Post Number:#3  Post by Steve Brown » Thu Aug 22, 2013 6:29 pm

This is a topic that fascinates me. Why did our primate ancestors lose the ability to make vitamin C? I surmise it was because their diet was so abundant in ascorbate-rich fruit and vegetation, that glucose not converted to vitamin C had survival value that exceeded vitamin C itself, a rare and unique situation, possibly caused by a brain that was rapidly evolving in size and complexity. It is well known that the human brain consumes a lot of calories from glucose, not from fat. A problem arose when our primate ancestors left the forest to dwell on the plains; the diet became deficient in vitamin C. Survival became a challenge, and intelligence probably gave rise to folk wisdom about the value of eating fruit and vegetables, reinforcing the evolution of intelligence, as those too stupid to eat their vegetables died out.

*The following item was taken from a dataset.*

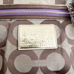 COACH Poppy Tote Shoulder Bag Signature CC Jacquard Purple Zipper
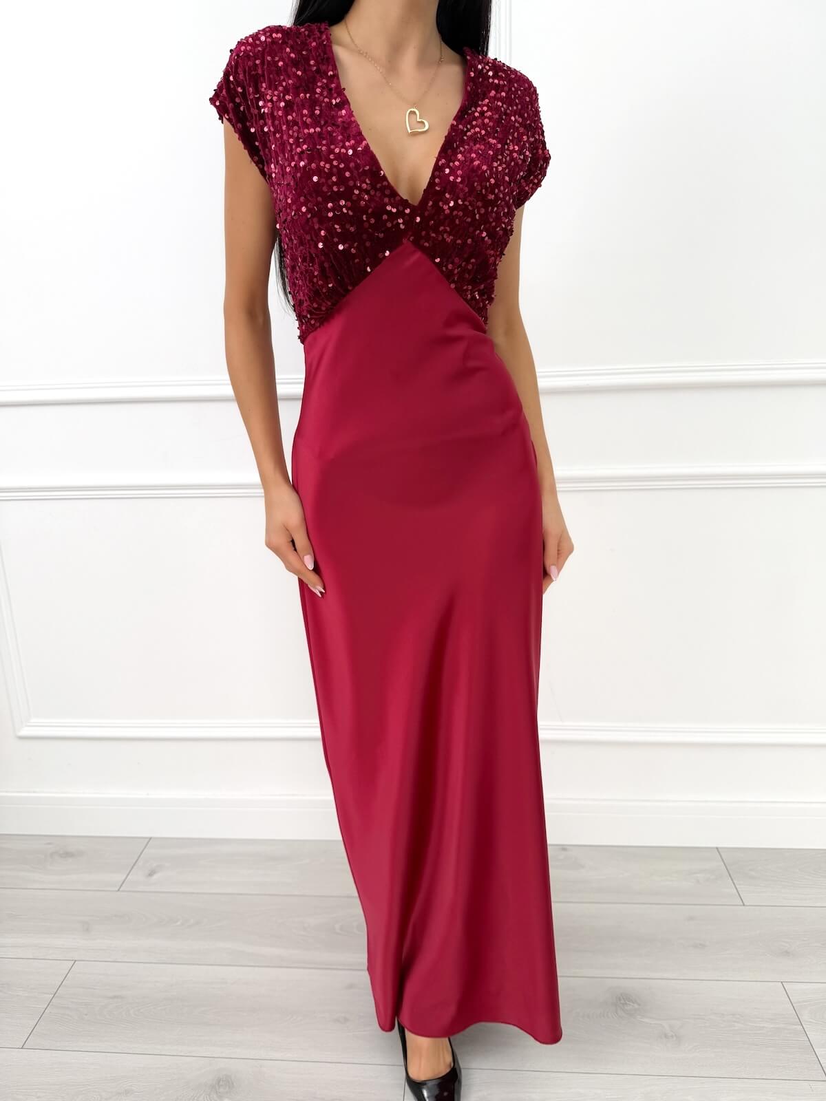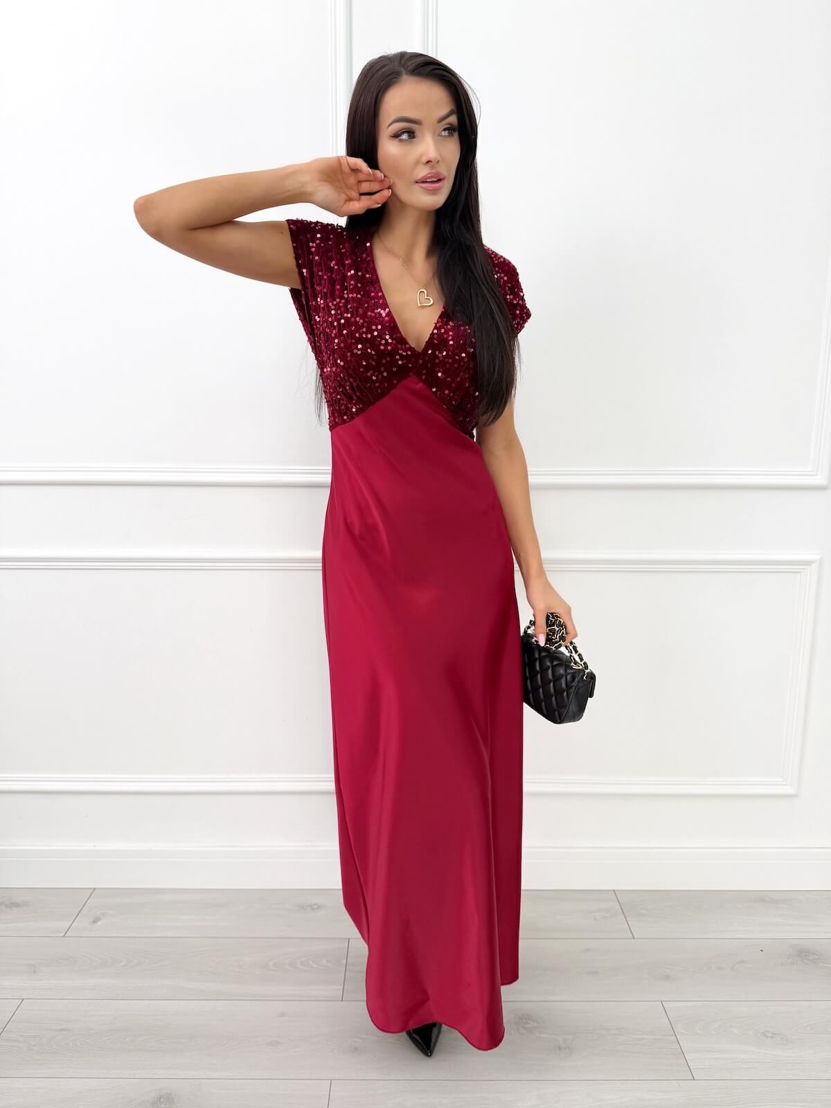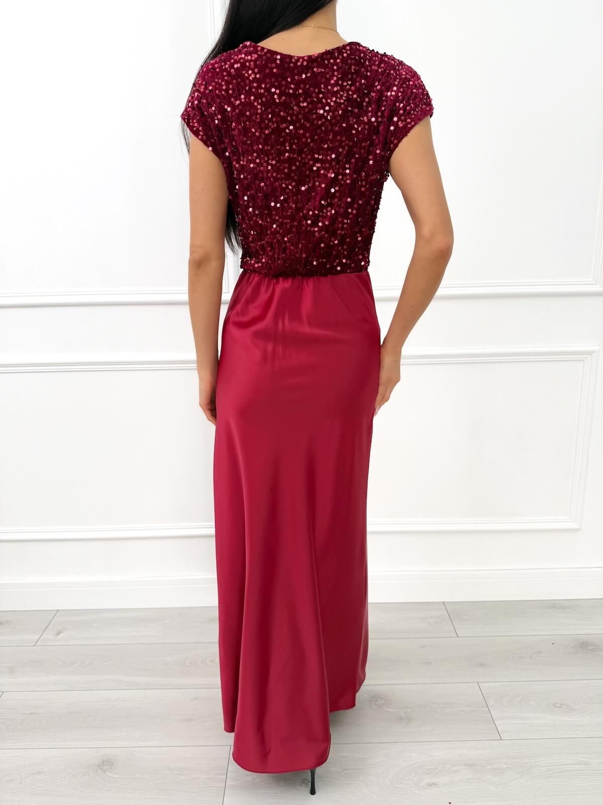 Bordowa Sukienka Maxi z Cekinową Górą 14514-136-A

What we have now, in synthetic vitamin C, is a triumph of evolution; it has found a way to restore healthy levels of vitamin C in our bodies, via the intelligence to discover, isolate, and synthesize vitamin C. I find it remarkable, really extraordinary, to have been born not only within a decade or two of the discovery of vitamin C, but to have been born to a father who was a chemical engineer involved in the manufacture of vitamin C at Hoffman-LaRoche, a Swiss pharmaceutical company that in 1935 acquired the patent to the Reichstein process for making vitamin C. My father was in charge of production of vitamin C by the metric ton, so our family always had an adequate supply. It is extraordinary, in light of the millions of years of human evolution and history, to have been born into that family, at just that time, in 1949.

Being able to supplement our diets with synthetic vitamin C gives us a tremendous advantage over our ancestors who had to fare as best they could without it. When I look at photographs from the 1800s, I am struck by how old people in their 60s appear, their skin deeply wrinkled. Compared to them, I look youthful in my 60s. I feel sorry for all the pain, misery, and suffering they had to endure. Synthetic vitamin C is a blessing; it gives us the ability to become super-human.

Regarding speculation about correcting the mutation of the gene responsible for converting glucuronolactone to vitamin C, I think complications might arise, the most serious being that the human body does not discard glucuronolactone but utilizes it in the construction of connective tissue, and possibly in other ways. If the mutation were corrected, not an easy procedure as it involves many mutations that have accumulated over millions of years, it might be necessary to supplement the diet with glucuronolactone.
Last edited by Steve Brown on Thu Aug 22, 2013 11:57 pm, edited 1 time in total.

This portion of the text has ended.